Ich denke, dass diese Definition dem tatsächlichen Beurteilungsstand in den naturwissenschaftlichen Fachsprachen wir auch der Allgemeinsprache entspricht – allerdings bis auf einen beträchtlichen Fehler. Es ist falsch, dass ein Gehirn alle sensiblen Reize, sämtliche motorische Eigenleistungen des Gesamtorganismus und die Regulation aller dabei ablaufenden innerorganismischen relevanten Bedingungen erfüllen müsse.

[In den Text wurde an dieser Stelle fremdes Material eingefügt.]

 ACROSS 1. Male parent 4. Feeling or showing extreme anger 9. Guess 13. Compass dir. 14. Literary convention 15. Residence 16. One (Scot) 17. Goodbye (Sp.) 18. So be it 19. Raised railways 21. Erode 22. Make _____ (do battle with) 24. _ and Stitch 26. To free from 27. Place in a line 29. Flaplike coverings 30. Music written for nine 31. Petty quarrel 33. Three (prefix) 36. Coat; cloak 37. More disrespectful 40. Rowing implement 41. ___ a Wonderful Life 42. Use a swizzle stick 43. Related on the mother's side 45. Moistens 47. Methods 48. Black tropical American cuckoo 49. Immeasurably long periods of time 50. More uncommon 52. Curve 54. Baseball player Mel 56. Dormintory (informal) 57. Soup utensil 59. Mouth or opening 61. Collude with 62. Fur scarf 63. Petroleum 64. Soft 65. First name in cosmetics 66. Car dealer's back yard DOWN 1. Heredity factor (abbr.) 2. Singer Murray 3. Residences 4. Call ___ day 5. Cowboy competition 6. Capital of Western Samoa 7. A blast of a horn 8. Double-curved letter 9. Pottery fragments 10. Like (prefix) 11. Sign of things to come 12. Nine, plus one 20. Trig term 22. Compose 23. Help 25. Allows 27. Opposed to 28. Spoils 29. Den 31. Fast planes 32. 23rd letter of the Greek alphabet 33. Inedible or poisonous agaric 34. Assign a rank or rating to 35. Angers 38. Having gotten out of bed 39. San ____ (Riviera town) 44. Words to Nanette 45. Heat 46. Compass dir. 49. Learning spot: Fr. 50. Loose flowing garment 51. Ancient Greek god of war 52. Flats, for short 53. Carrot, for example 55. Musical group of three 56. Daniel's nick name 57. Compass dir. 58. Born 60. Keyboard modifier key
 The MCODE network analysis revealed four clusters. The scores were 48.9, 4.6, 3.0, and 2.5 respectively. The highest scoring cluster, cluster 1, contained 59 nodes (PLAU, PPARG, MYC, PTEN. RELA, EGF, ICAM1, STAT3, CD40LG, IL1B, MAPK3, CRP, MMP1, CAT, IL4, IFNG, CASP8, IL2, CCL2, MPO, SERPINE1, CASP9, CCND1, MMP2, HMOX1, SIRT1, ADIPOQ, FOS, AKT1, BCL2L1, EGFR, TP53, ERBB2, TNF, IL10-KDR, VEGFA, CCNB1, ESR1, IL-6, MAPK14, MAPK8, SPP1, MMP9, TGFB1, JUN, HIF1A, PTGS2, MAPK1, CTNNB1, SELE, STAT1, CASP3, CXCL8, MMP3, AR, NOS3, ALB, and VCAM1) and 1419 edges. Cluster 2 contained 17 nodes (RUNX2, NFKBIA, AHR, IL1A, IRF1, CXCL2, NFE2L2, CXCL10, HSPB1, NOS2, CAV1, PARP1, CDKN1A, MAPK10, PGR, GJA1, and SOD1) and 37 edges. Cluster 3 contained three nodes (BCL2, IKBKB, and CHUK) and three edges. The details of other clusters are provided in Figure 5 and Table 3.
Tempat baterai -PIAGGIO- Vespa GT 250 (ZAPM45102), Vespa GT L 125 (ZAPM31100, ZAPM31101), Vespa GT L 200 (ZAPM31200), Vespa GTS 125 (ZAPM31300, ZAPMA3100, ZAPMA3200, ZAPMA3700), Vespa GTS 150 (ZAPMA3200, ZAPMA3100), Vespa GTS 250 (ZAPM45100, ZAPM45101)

Wenn, wie bei allen höheren Lebewesen dezentral im Körper Nervenreize wahrgenommen und lokal ohne Befassung des Gehirns beantwortet werden, heißt das nicht, dass die damit befassten Nervensysteme selbst Gehirne darstellten.  Wenn einem Huhn der Kopf abgeschlagen wird und es dennoch eine lange Strecke fliegend zurücklegen kann, verdankt es diese Leistung Nervenknoten, die den Flugvorgang autonom steuern.  Gehirne haben eine vielfach höhere Komplexität und sind in ihrer Aufgabenstellung  nicht auf einen Satz einzelner Abläufe beschränkt.

Wenn man das anders sieht kommt man begrifflich zu einer Inflation der Gehirne.

Im Kampf um die Geltungshoheit von Sprachbegriffen ist es natürlich legitim, neue Begriffe oder Begriffsinhalte für den künftigen Sprachgebrauch vorzuschlagen. Solange es da aber noch eine Einigkeit gegeben hat, ist die Verwendung der neuen Vorstellung aber einfach falsch.

Im Ergebnis bedeutet das, dass wir ein einziges Gehirn haben, aber eine Reihe autonomer und halbautonomer Nervengeflechte.

Fazit: Ein Bauchgehirn haben wir nicht, noch viel weniger ein weiteres Gehirn aus angeblich intelligenten (?) Darmbakterien.